Explain Plan in Azure Warehouse (sort of)

Simplistically, the purpose of an explain plan is to reveal how the database plans to deliver results for a given query. In Oracle we have "SQL> EXPLAIN PLAN FOR <QUERY>;" and in SQL Server we have "click->display estimated execution plan" which shows a graphical diagram showing all the details of the execution steps and path. Both are important to diagnose query performance related issues.

In Azure Data warehouse, we have very little. It takes a certain amount of effort to get something readable as the aforementioned SSMS "rclick->display" option does not work in the studio. There are a number of posts on the internet about how to get this information but the results seem somewhat lacklustre: one method is to get the execution plan in an XML format that is not compatible with SSMS - so one is left to look at an XML file. The other option is to go the Azure portal and see the query running via the web console. Both options falls short of what most db developers are accustomed to.

I have found a useful alternative although it is not exactly a traditional explain plan. What it is is the sequence of steps the database is taking to achieve the results.
These steps can be found in the object "sys.dm_pdw_request_steps" - how I use this is shown below.
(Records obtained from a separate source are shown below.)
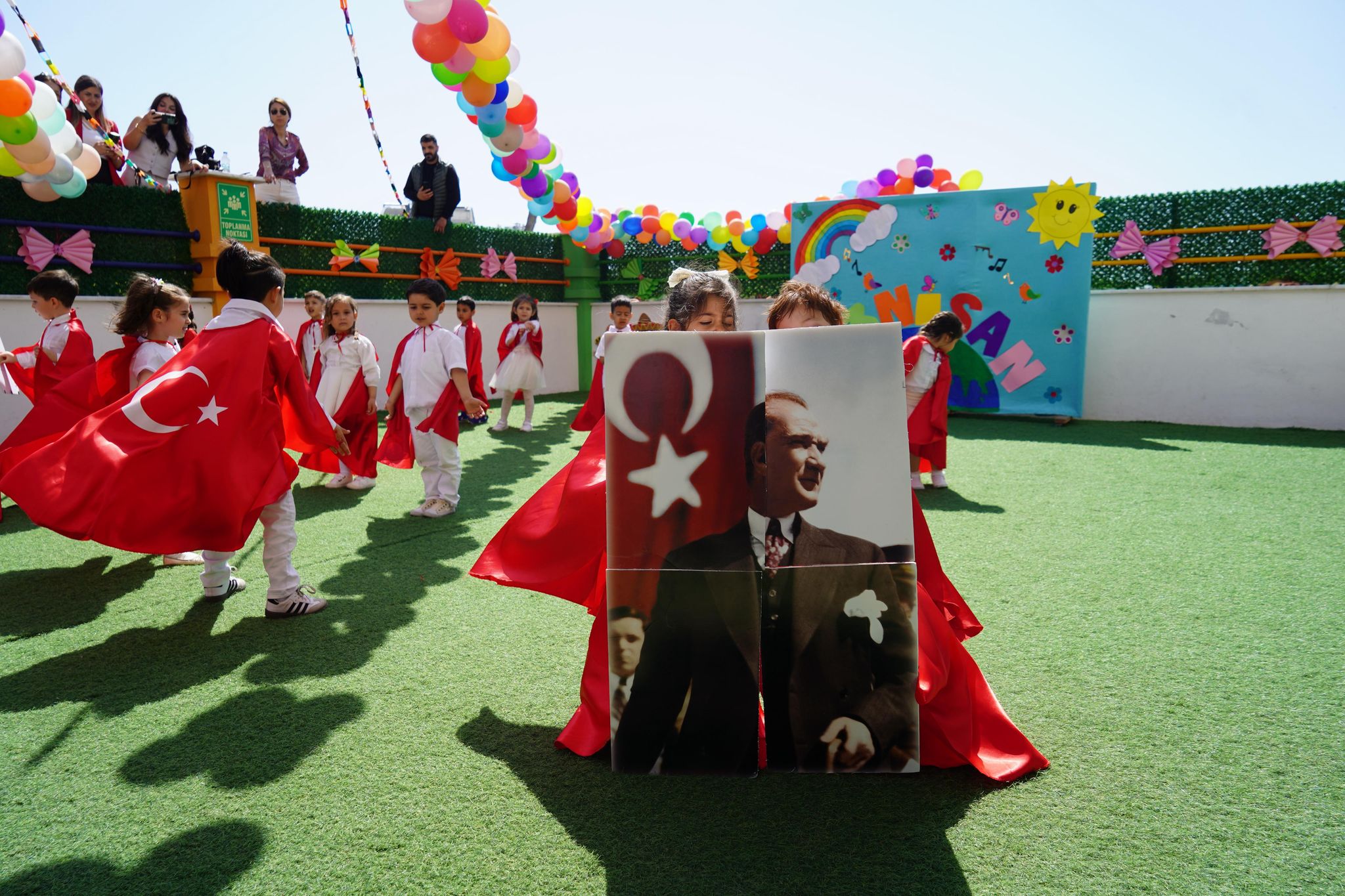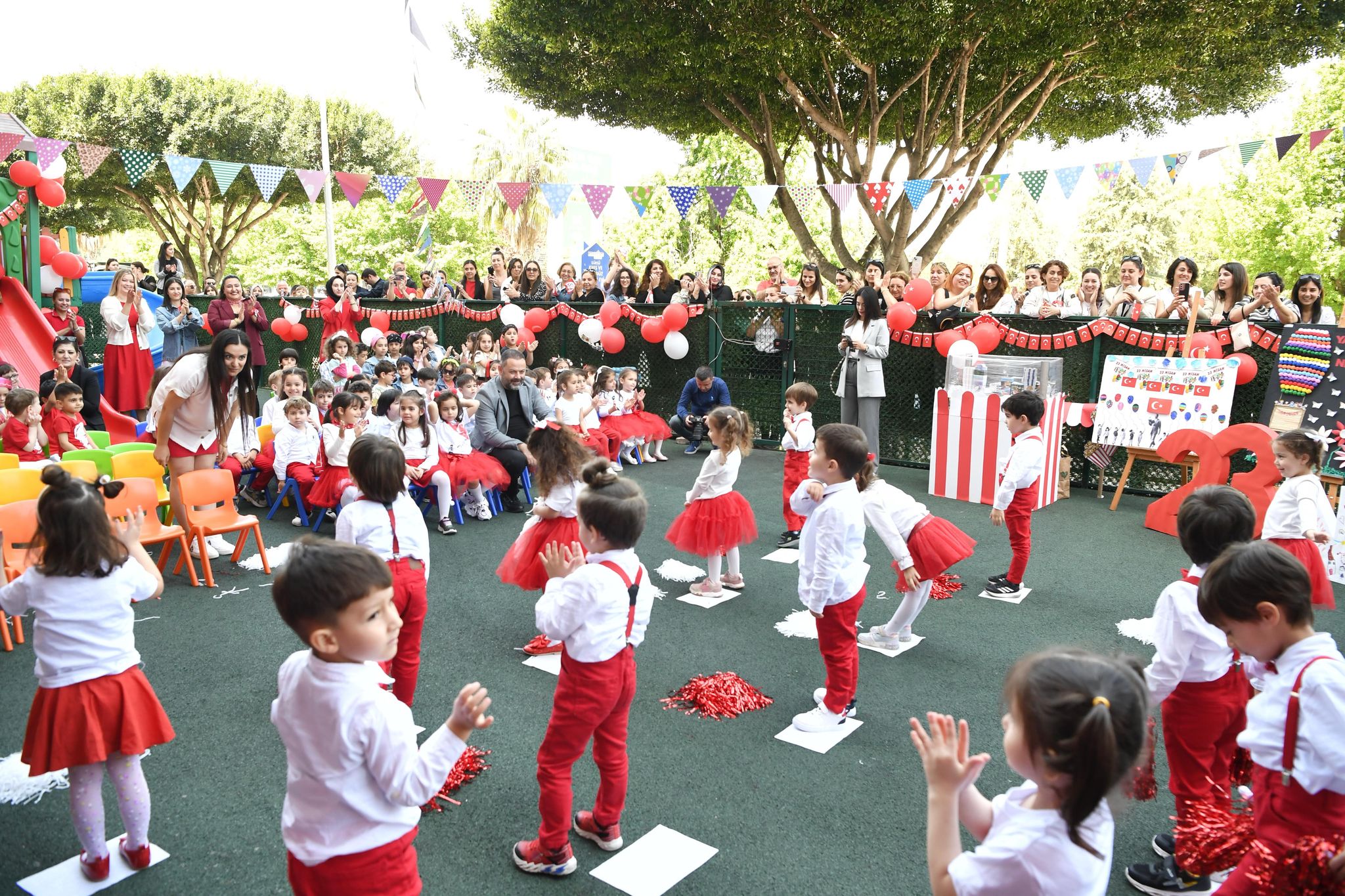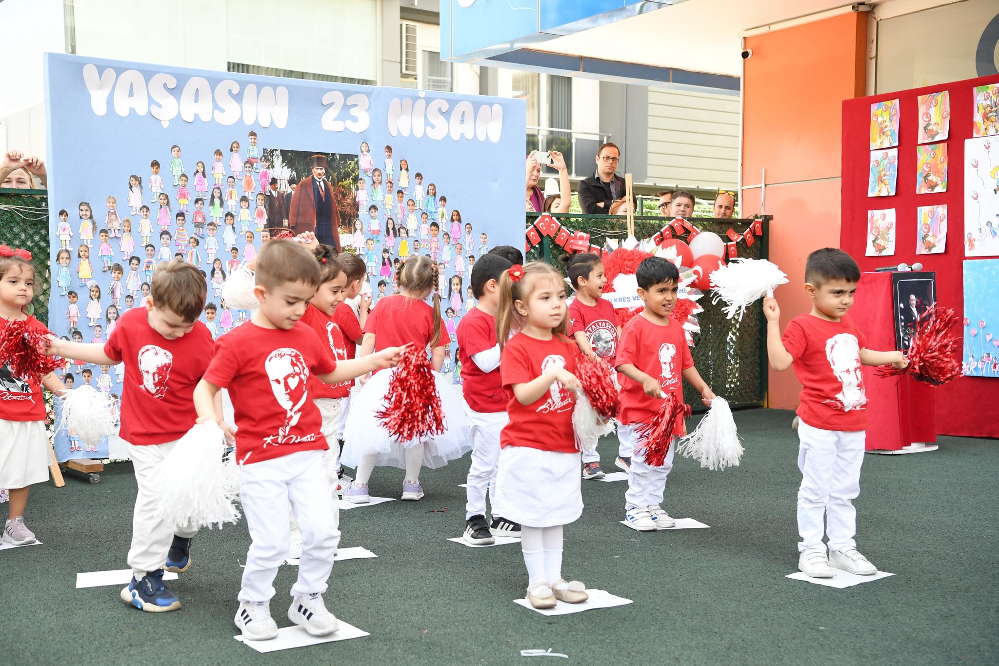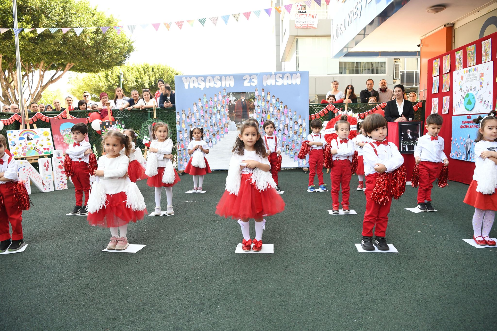 Kreşlerde miniklerin renkli gösterileriyle şenlenen etkinlikler, saygı duruşu ve İstiklal Marşı’nın okunmasıyla başladı. Ardından bayraklarla gerçekleştirilen kortej yürüyüşüyle devam etti. Kreş öğrencileri, öğretmenleri eşliğinde hazırladıkları dans ve müzik gösterileriyle izleyenlere unutulmaz anlar yaşattı. Renkli kostümlerle sahne alan minikler, ailelerinden büyük alkış aldı.
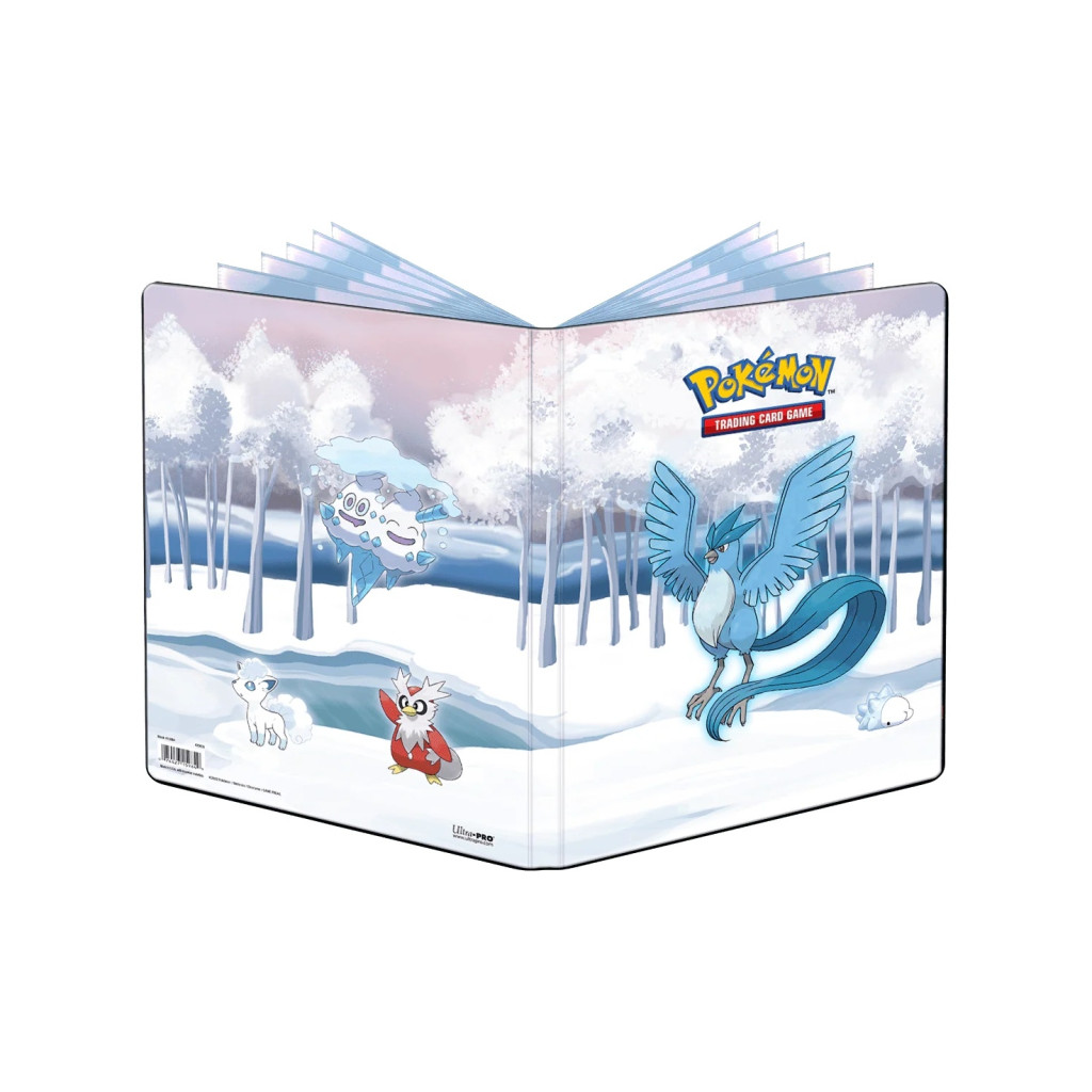 Pokemon Frosted Forest 9-žepni album za shranjevanje kart. Mehke platnice, zapira se z elastiko. Vsebuje 20 neodstranljivih map, do 360 pregledno zloženih kart. Mere: 25 x 31 cm.
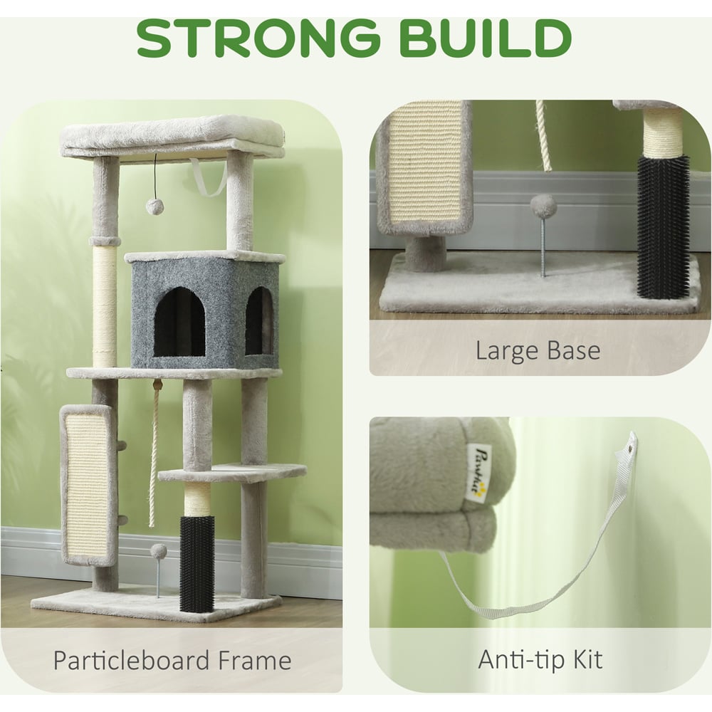 Allow your cat to express themselves with this PawHut cat tree, a safe space for climbing, playing and relaxing. Its strong particle board frame and anti-slip kit ensure balance and stability. Wrapped in sisal, the scratching post is great for claws, while the hanging toy ball grabs their attention during playtime. When it's time to rest, your cat can lounge on the plush-covered platforms, providing a high vantage point to relax and observe their surroundings.
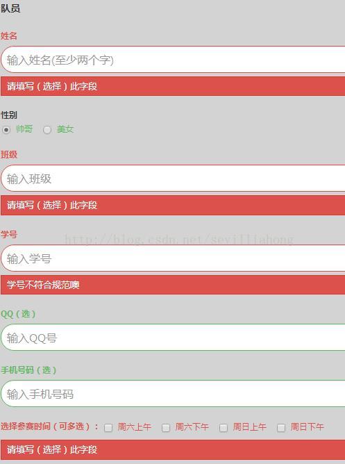 这里的验证可以根据需求添加到对应字段上,如队长的QQ、手机号码添加验证而队员的不用添加。
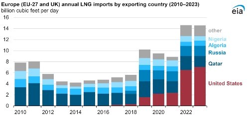 The U.S. remained the largest liquefied natural gas supplier to Europe in 2023
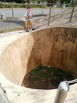 一番怖かったたて穴。大人の背よりたかいけど、チェーン半周しかしてないです、落ちたら一人では登れません。
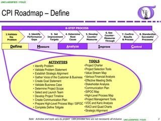 This document provides an overview of process mapping using a SIPOC (Supplier, Input, Process, Output, Customer) chart. It discusses how to create a high-level SIPOC that defines the key steps in a process, identifies important inputs and suppliers, and lists the major outputs and customers. The SIPOC is presented as the first step in process mapping to help visualize the current process and identify areas for potential improvement. Examples of completed SIPOCs are also included to demonstrate how they can be used to identify metrics and scope a process improvement project.
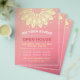 YOGA Studio Meditation Instructor Studio Open House Flyer Template - Elegant Faux Gold Foil Floral Mandala Symbols on Pink Background.
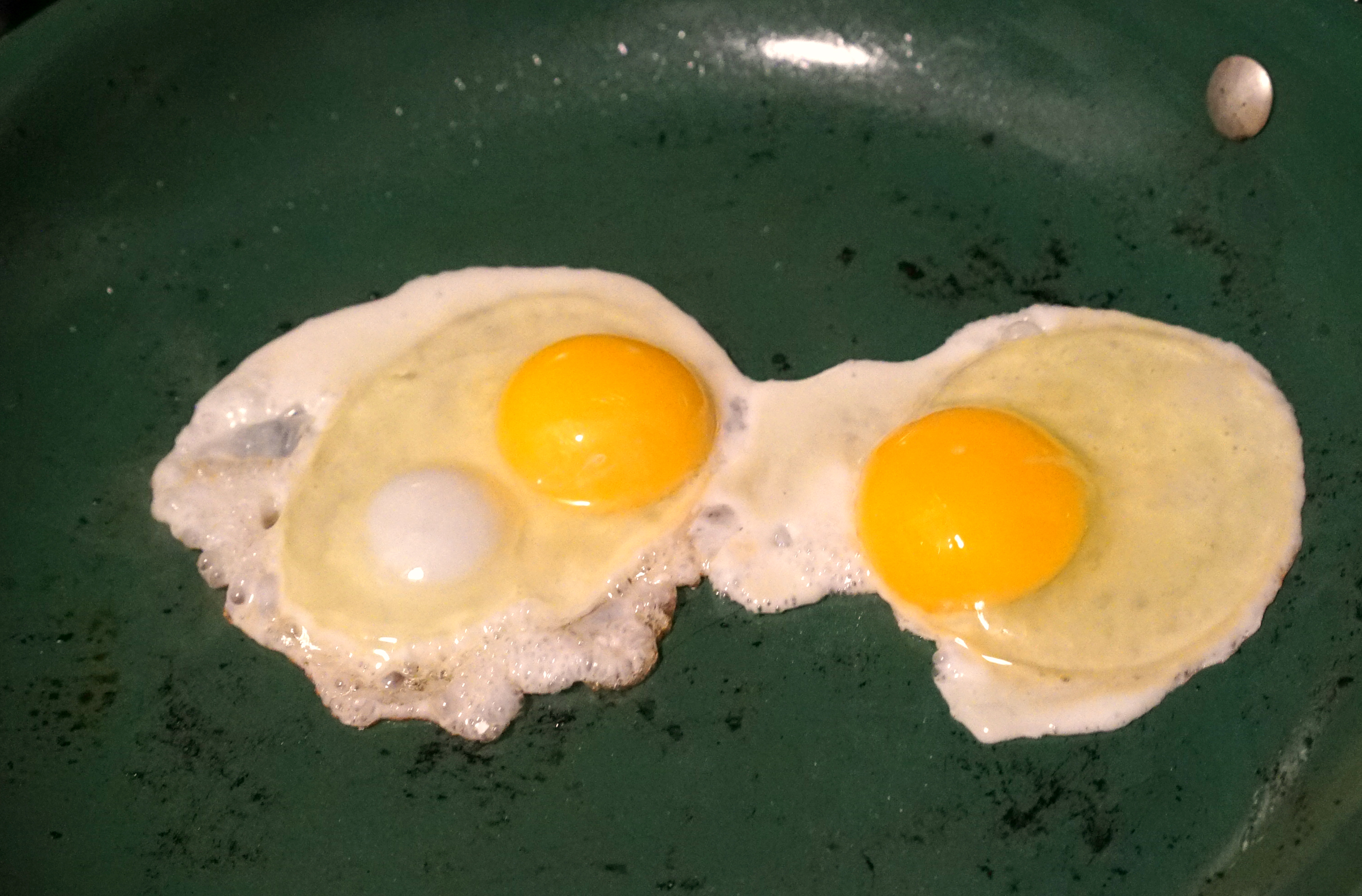 STEP 8: Take the burgers off the pan with a spatula and fry up some eggs for the top.
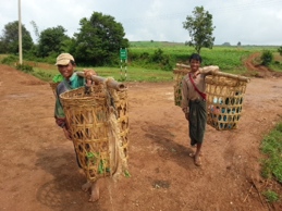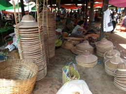 En la calle los locales con sus tradicionales sombreros de paja y su ¨don ganh¨, nombre que recibe la omnipresente vara de bambú con un cesto de arroz o fruta colgado en cada extremo. Esta foto conjuntamente con la de infinidad de cestería, se repetiría en las más de dos semanas del visita por el país, ni que hablar con mucho más fuerza en las zonas rurales y comerciales del delta del río Mekong en el sur.
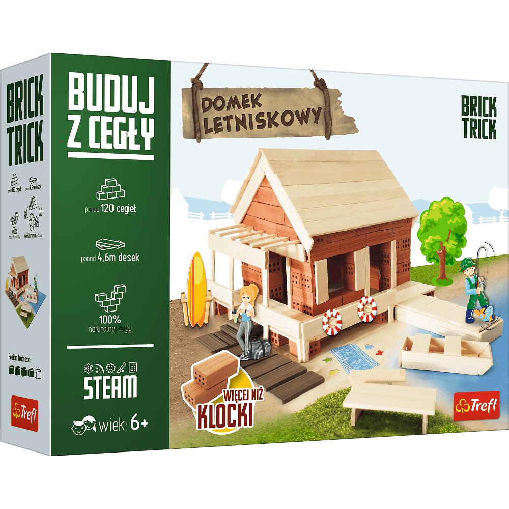 Wybuduj domek letniskowy, wykorzystując prawdziwe cegły, drewno i elementy dekoracyjne. Skorzystaj z dołączonych planów budowy lub użyj własnej wyobraźni do stworzenia niepowtarzalnej konstrukcji. Baw się dołączonymi pionkami prosto z wiejskiego świata. To nie koniec zabawy! Rozpuść konstrukcję w wodzie i buduj dalej wykorzystując ponownie te same cegły!

I can only use the following steps while my query is running. Once the query is done, the steps vanish from the steps table. Therefore, this is more of a technical query progress report showingthe steps that ran, the steps which are running, and the steps which will run. The first key is identify my sessions REQUEST_ID in sys.dm_pdw_exec_requests. I use sys.dm_pdw_exec_requests and I find that the most laborious queries pop in the top results. Once I have those master request and their child requests, I use those to find the segments of steps in the "sys.dm_pdw_request_steps" table.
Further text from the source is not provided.